Kathryn Morgan received her BA degree from Bryn Mawr College and her PhD from the University of California, Berkeley. She taught at the Ohio State University before joining the Department of Classics at UCLA, where she is currently Professor of Classics. Her interests range broadly over Greek literature of the fifth and fourth centuries BC, although her research focuses on lyric poetry and on the philosopher Plato. These seemingly disparate fields of study are united by her concern in the construction of poetic and philosophical authority. She is the author of Myth and Philosophy from the Presocratics to Plato (Cambridge, 2000), editor of and contributor to Popular Tyranny: Sovereignty and Its Discontents in Classical Athens (Austin, 2003) and numerous articles on Pindar, Archaic lyric and performance, and Plato. Her current book project, Talking to Tyrants: Pindar and the Construction of Sicilian Monarchy, examines Pindar’s victory odes for his Sicilian patrons and the programs of tyrannical self-representation to which they contribute.

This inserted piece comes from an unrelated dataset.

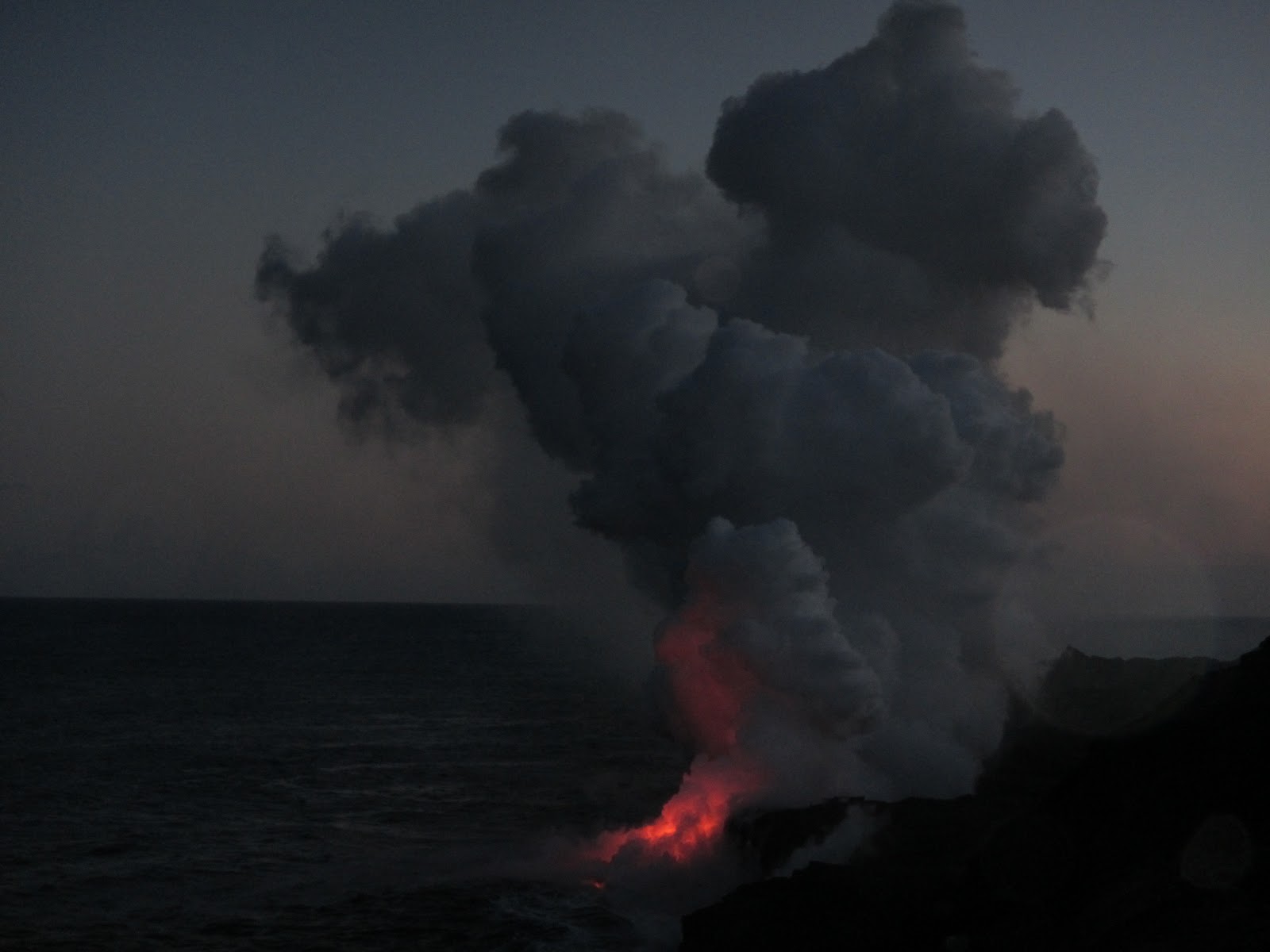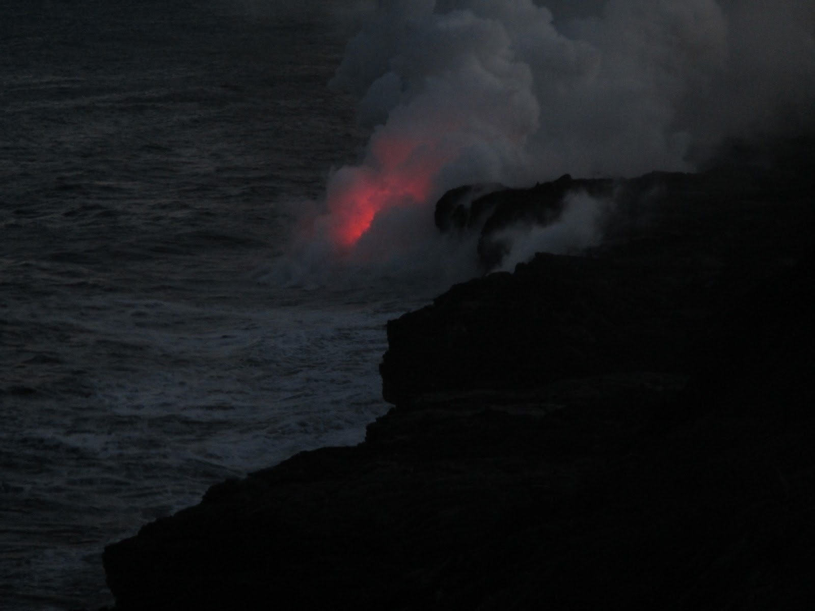Challenging hiking aside, we finally reached the place where the active lava flows into the ocean (and as you approach it, the air gets hotter and hotter - it's kind of scary). Here are a few pictures as the sun sets.

“Reimagining Inspiration in Plato”
ABSTRACT: In this paper I will explore the various ways in which Plato critiques and reformulates the notion of inspiration. There does not seem to have been a consistent or systematic theorisation of inspiration prior to Plato, and even within his corpus the vocabulary of inspiration can be used loosely. In some dialogues, however, the notion emerges that the inspired individual is not responsible for mental states of which he is not the origin, a notion central to Plato’s more developed treatments of inspiration. Plato bases his theory of inspiration as ecstatic possession on the dichotomy between divine empowerment and individual skill. The significance of this contrast stretches beyond poetry and has political and philosophical implications, allowing Plato to undermine the achievements of politicians and intellectuals alike. Yet in the Phaedrus Plato summons and subsequently reconfigures the notion of inspiration under the rubric of divine madness. Now the lover, and in particular the philosophical lover, is in the grip of ecstasy and possession, but a possession remade in the image of philosophy. Inspiration is now seen as a psychic reaction to a likeness of a Form that carries one to the divine realm.

March 22
Kathryn Morgan
Shadowlands: Plato and the Frontiers of Mythology
New Law Lecture Theatre 101 6:30-7:30 pm

ABSTRACT: How are we to explain Plato’s deployment of myth in his philosophical dialogues? For many readers this might not seem to pose any problems. The same writer who depreciates the lying and immoral tales of the poets in the Republic formulates his own improving tales of post-mortem punishment and virtuous utopias, a spoonful of sugar to sweeten philosophic medicine. In this lecture I shall try to demonstrate that Plato’s myths are at once more complex and more rewarding than this. I shall explore places in the dialogues where interlocutors squabble over or theorize the permeable border between myth and philosophy in order to understand the very nature of human discourse. Thus in the Gorgias, the Republic, and the Timaeus (among other dialogues) Socrates and his partners in conversation meditate on what makes a narrative a myth, what makes it authoritative and influential. It will emerge that, in a very real sense, myth is the form of narrative most at home in this material world, a narrative that philosophy seeks to transform, to the extent possible for human beings, into an accurate reflection of the truth.